Entrevista:O Estado inteligente

sexta-feira, abril 16, 2010

Luiz Garcia Dois generais

O Globo - 16/04/2010

No último fim de semana, a Globo News botou no ar uma entrevista do bravo Geneton Moraes Neto com o general Newton Cruz. Para os muito jovens e os mais velhos que já esqueceram, o hoje octogenário oficial foi, durante o regime militar, a linha dura em pessoa. Mas sua fama era, principalmente, a de um oficial destemperado e zangado. Quem se opunha à ditadura não concordava com uma só de suas ideias e posições, mas não ficou registro ou suspeita de que participasse do lado mais negro do regime militar: a tortura, e muitas vezes o assassinato, de quem lutava contra ele.

Newton Cruz nunca protestou contra os vícios do regime, mas jamais foi acusado de estimular a brutalidade com que eram tratados os cidadãos que recorriam à luta armada contra o regime das armas, ou apenas a apoiavam. Pelo visto, ele era mais violento no grito do que nas ações. É, claro, uma ressalva relativa: Cruz apoiava e foi peça importante no regime de força.

Seja como for, o que chama a atenção agora é o contraste entre a entrevista de Newton Cruz e outra, da mesma série, do general Leônidas Pires Gonçalves, ministro do Exército da mesma ditadura.

Newton, apesar da fama de bravo e desabusado, não defende os excessos dos governos militares. Para Leônidas, que nunca teve a reputação de um zangado linha-dura, a ditadura não errou jamais.

Chega ao absurdo de, até hoje, defender a tese absurda de suicídio para o assassinato do jornalista Vladimir Herzog numa cela do Dops de São Paulo.

Governos democráticos erram muito.

O que os redime e justifica é a visibilidade e aceitação dos erros e os esforços, bem ou malsucedidos, para repará-los.

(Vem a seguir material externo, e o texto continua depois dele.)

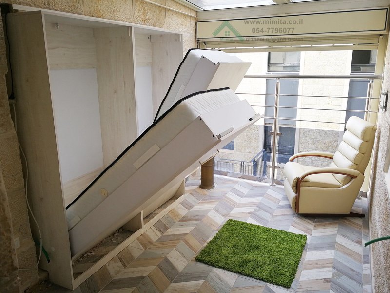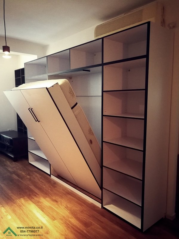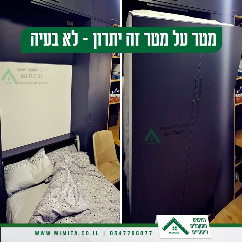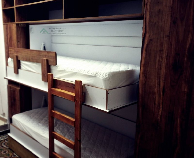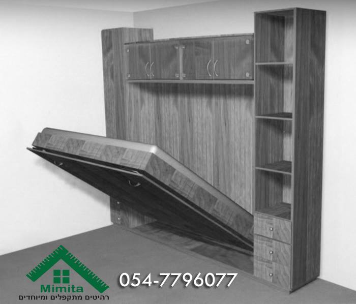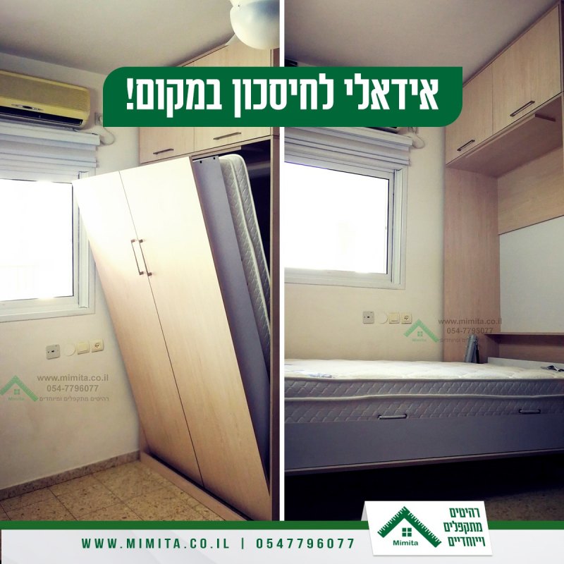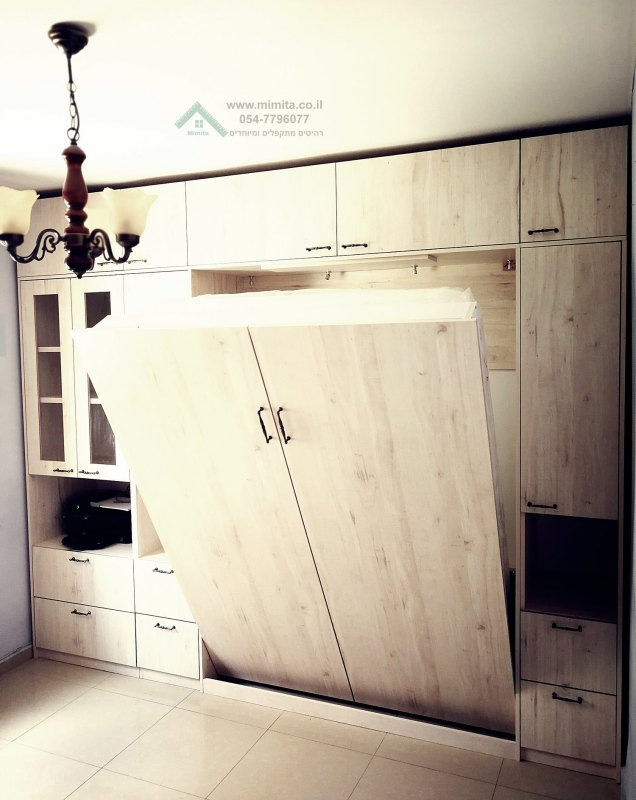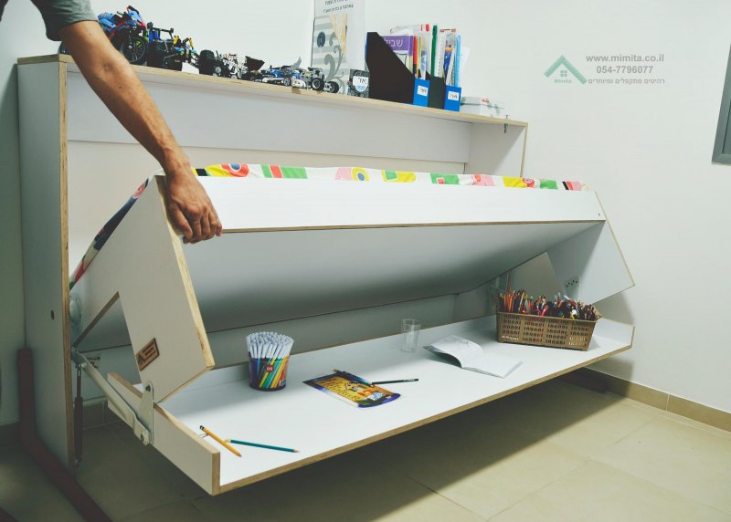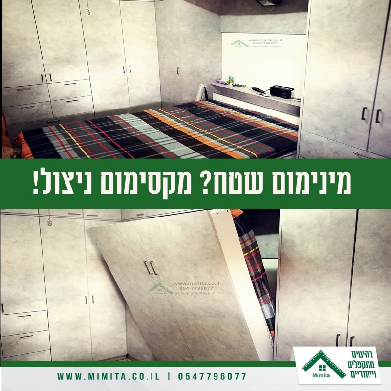 ארון מיטה, מיטות קומתיים מתקפלת, שולחן סלון מתקפל, ארונות הזזה נסתרים.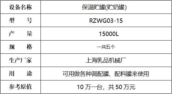 標的七:上海乳品廠5個儲奶罐,起拍價:40萬元(不含稅),標的設(shè)有保留價,競買保證金8萬元。已拆機,設(shè)備完好。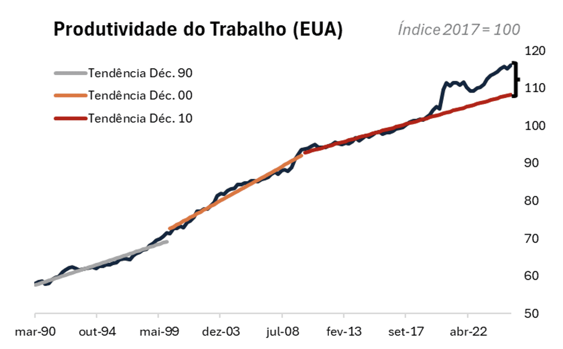 Só recentemente, a partir de 2022, observamos sinais de aceleração da produtividade acompanhados de uma redução suave da taxa de emprego, sugerindo uma possível reconfiguração dessa relação. Esses movimentos ainda são incipientes. É cedo para afirmar se marcam o início de uma mudança estrutural ou apenas um soluço estatístico ou resquício do ciclo econômico, mas já oferecem combustível para que otimistas e céticos reforcem suas narrativas.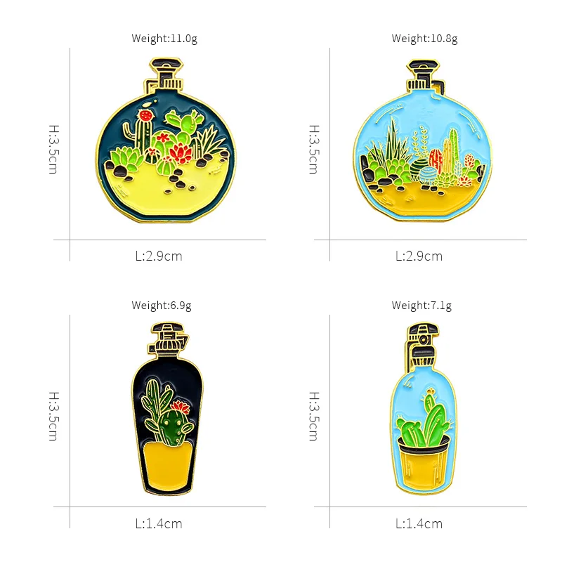 Эмалированные булавки в горшке с изображением кактуса, растения, парфюма, бутылки с распылителем, броши для рюкзака, лацкана, Мультяшные украшения для детей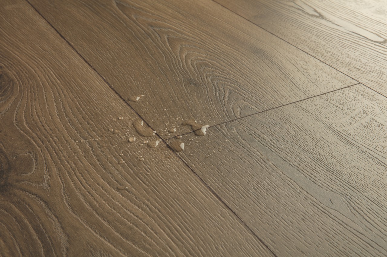 100% veekindel laminaatparketi pind. Jäta hüvasti niiskusprobleemidega. Quick-Stepi veekindlatel laminaatparkettidel on uuenduslik, vetthülgav “HydroSeal” kaitse isegi ühendustes, nii et vesi ei pääseks sisse.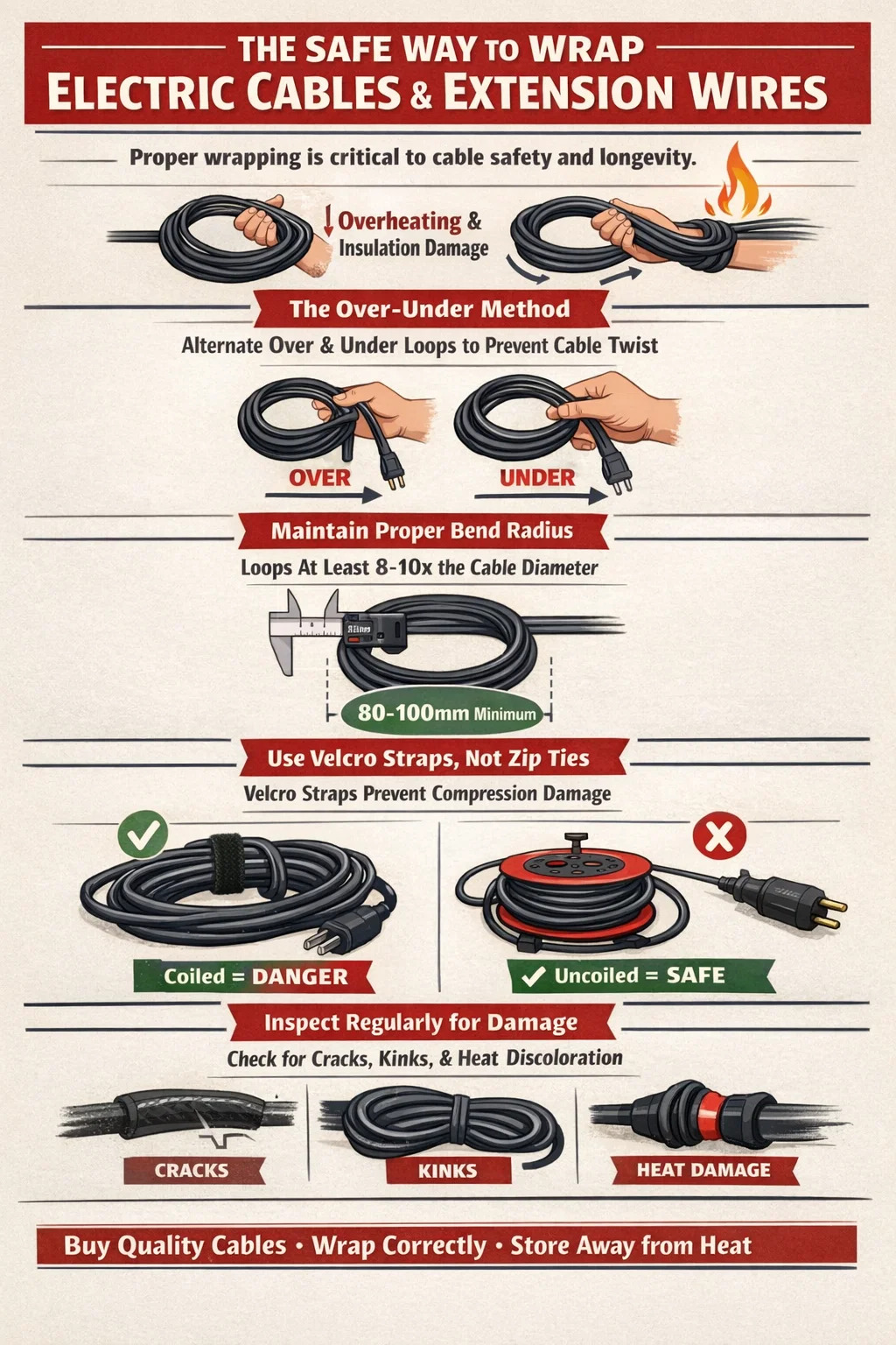- Enrollar los cables firmemente alrededor de las manijas del equipo: Muchas personas enrollan cables de extensión firmemente alrededor del mango de una herramienta eléctrica o una aspiradora para guardarlos. El estrecho radio en los puntos de enrollado y la presión de la propia tensión del cable provocan una deformación persistente.

Ditaduras também erram, mas não têm essa válvula de escape. O regime de 64 no Brasil começou a acabar quando as mais sensatas cabeças entre os militares perceberam que seu maior inimigo não era a oposição de guerrilheiros, intelectuais e estudantes, mas o acúmulo de vícios inerentes a todo regime de força. Principalmente, a ausência de autocrítica e a proibição da crítica das arquibancadas.

É curioso: tantos anos passados, o linhaduríssima Newton Cruz fez as pazes com a História — e Leônidas, que não se opôs à transição para o regime democrático comandada por Golbery do Couto e Silva, ainda se sente na obrigação de defender os excessos criminosos inerentes a todo e qualquer regime de força.